The Washington PostDemocracy Dies in Darkness

Trump’s never-ending search for loyalty — in all the wrong places

Supreme Court Justice Neil M. Gorsuch, right, smiles following a swearing in ceremony with President Trump. (Ricky Carioti/The Washington Post)

Back when then-Supreme Court nominee Neil M. Gorsuch criticized President Trump's attacks on the judiciary as “demoralizing” and “disheartening,” there was some thought that it was contrived — a fake show of independence from an unpopular president's nominee designed to make Gorsuch more confirmable.

Trump apparently didn't see it that way. In fact, according to The Washington Post's reporting, Trump privately vented about Gorsuch's disloyalty and even about pulling his nomination.

The nearly year-old episode is the latest to emerge from the White House of a president engaged in a never-ending search for unquestioning loyalty and unflinching gratitude — very often in places where no president should expect it.

As The Post's Ashley Parker, Josh Dawsey and Robert Barnes report:

Trump, according to several people with knowledge of the discussions, was upset that Gorsuch had pointedly distanced himself from the president in a private February meeting with Sen. Richard Blumenthal (D-Conn.), telling the senator he found Trump’s repeated attacks on the federal judiciary “disheartening” and “demoralizing.”
The president worried that Gorsuch would not be “loyal,” one of the people said, and told aides that he was tempted to pull Gorsuch’s nomination — and that he knew plenty of other judges who would want the job.
It is unclear whether Trump’s “explosion,” as another administration official described it, truly put Gorsuch’s nomination in jeopardy or whether the president was expressing his frustration aloud, as he often does. But at the time, some in the White House and on Capitol Hill feared that Gorsuch’s confirmation — which had been shaping up to be one of the clearest triumphs of Trump’s tumultuous young presidency — was on the verge of going awry.

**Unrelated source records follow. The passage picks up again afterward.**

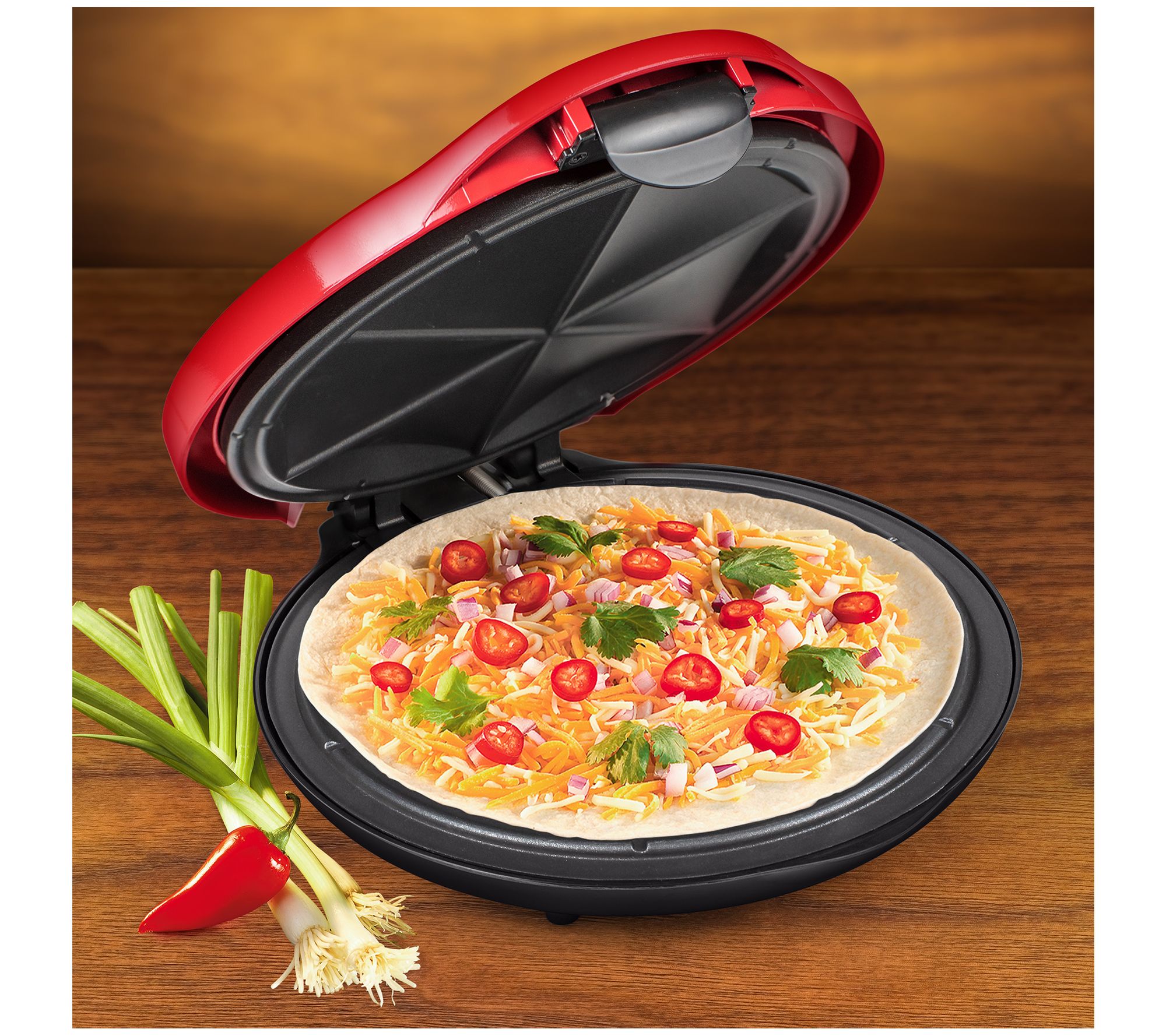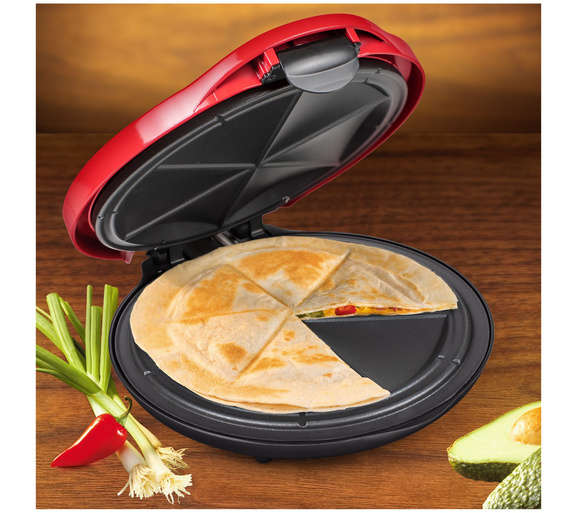 Bring the fiesta right into your kitchen when you whip up crispy, delicious quesadillas in this 10" electric quesadilla maker. The extra stuffing latch allows for more filling, while the plate design creates six wedges to help seal in that irresistible flavor. From Taco Tuesday.
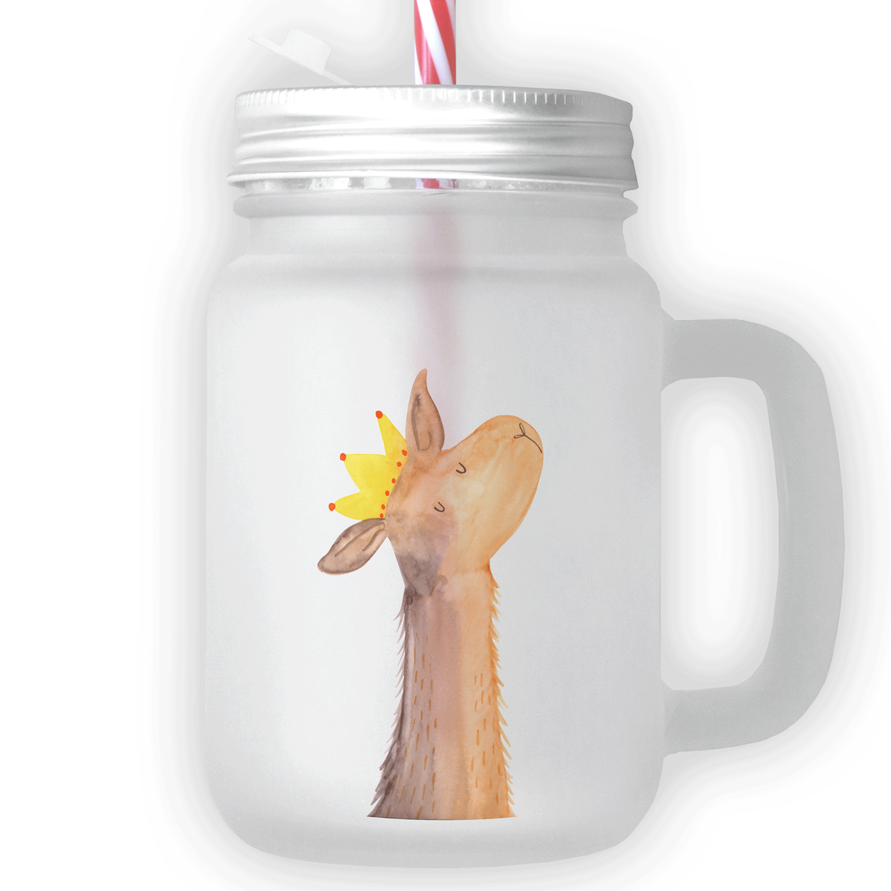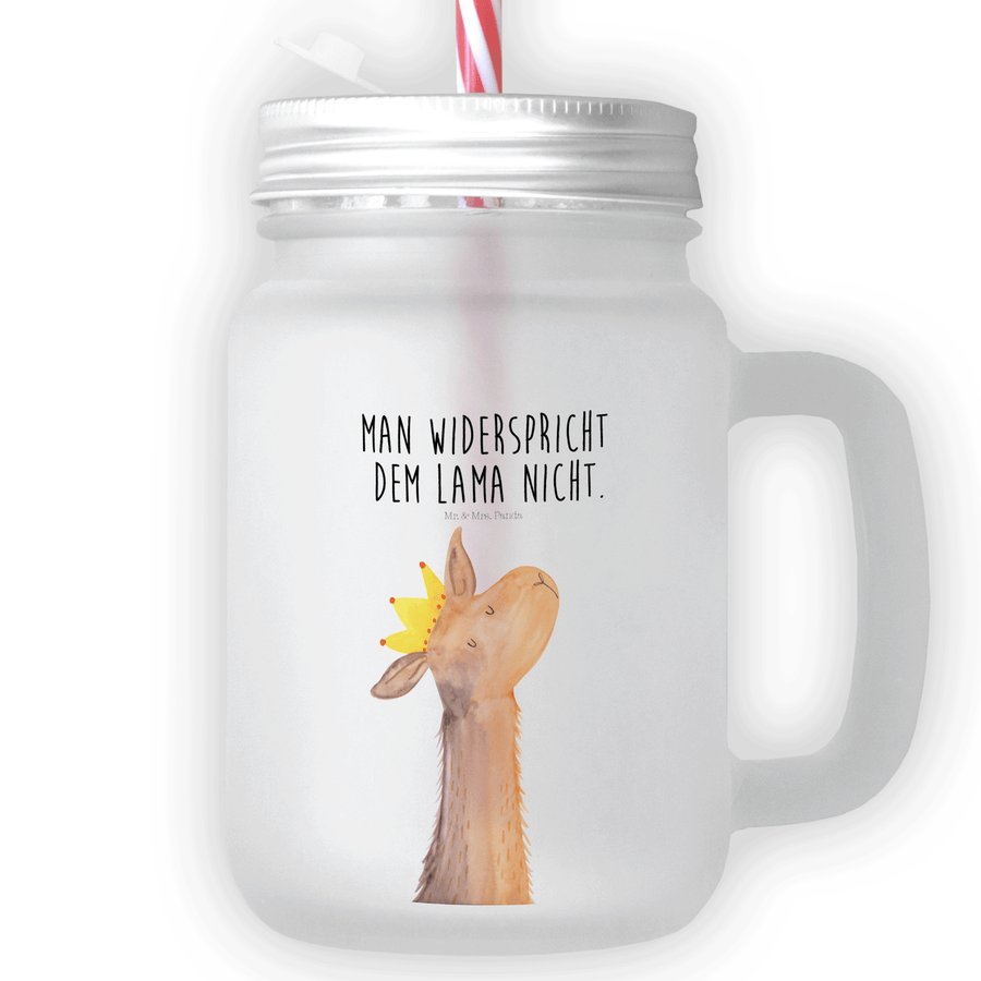 Trinkglas Mason Jar Lamakopf König - mit Spruch
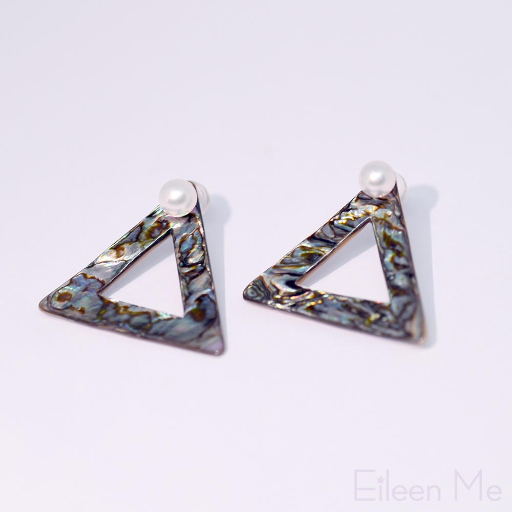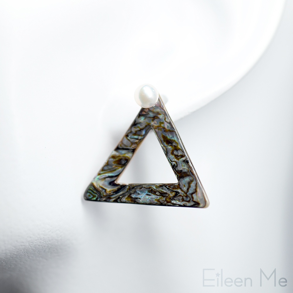 【ISOWA】貝貝 5mm AKOYA珍珠 白色 天然珍珠 三角造型 耳環 18K金耳針

What's perhaps most notable here is how thoroughly unsurprising this is. Time and again, Trump has been frustrated by a lack of fealty from those he has elevated to high-level posts. Sometimes, as with Secretary of State Rex Tillerson, Trump has a very reasonable expectation of loyalty. But where this has really blown up is when the Trump appointee is in a position in which loyalty to the chief executive isn't really in the job description. And these conflicts have provided or cast a shadow over some of the defining moments of his presidency.

Among those whose lack of loyalty have reportedly frustrated Trump, in addition to Gorsuch, are former FBI director James B. Comey, Attorney General Jeff Sessions, and Deputy Attorney General Rod J. Rosenstein. All three work for federal law enforcement, where their loyalty is to the law, and that has created clear conflicts with Trump because of the Russia investigation. Trump fired Comey, has frequently stewed about Sessions's decision to recuse himself from the investigation and for his lack of initiative in going after Trump's antagonists, and has repeatedly suggested Rosenstein (who appointed Russia special counsel Robert S. Mueller III) is a Democrat.

Trump has also been frustrated by what he sees as a lack of loyalty from Republican members of Congress who have failed to pass his agenda, ignoring the fact that they were elected by their own constituents and come from what the Constitution lays out as coequal branches of government. In a rare public rebuke of Trump in August, Senate Majority Leader Mitch McConnell (R-Ky.) said Trump had “excessive expectations about how quickly things happen in the democratic process” and suggested Trump didn't understand how interactions between the executive and legislative branches work.

On the other side of the coin, Trump has been extremely happy with the controversial degree of loyalty he's received from CIA Director Mike Pompeo — so much so that Pompeo has been rumored as his pick to replace Tillerson — despite Pompeo's agency also playing a key role in Russia-related matters.

The unhappiness with Gorsuch is really just an extension of all of this — and the kind of Trump behavior that earned Gorsuch's rebuke in the first place. Trump had criticized the judiciary for halting his travel ban executive orders by suggesting the judges were biased and were acting beyond their mandate. He even suggested he might wage a campaign against judges who run afoul of him. This made pretty much anybody who believes in the separation of powers — and the judiciary's independence from the executive branch — squeamish. It was the first time that many started worrying about Trump spurring a constitutional crisis.

Gorsuch's public comments criticizing the man who had appointed him — even as his nomination was still under consideration — was one of the truly remarkable moments of the Trump presidency. But yet again, it just showed how Trump's demands for loyalty are often viewed as unreasonable by those around him and repeatedly test the bounds of the Constitution.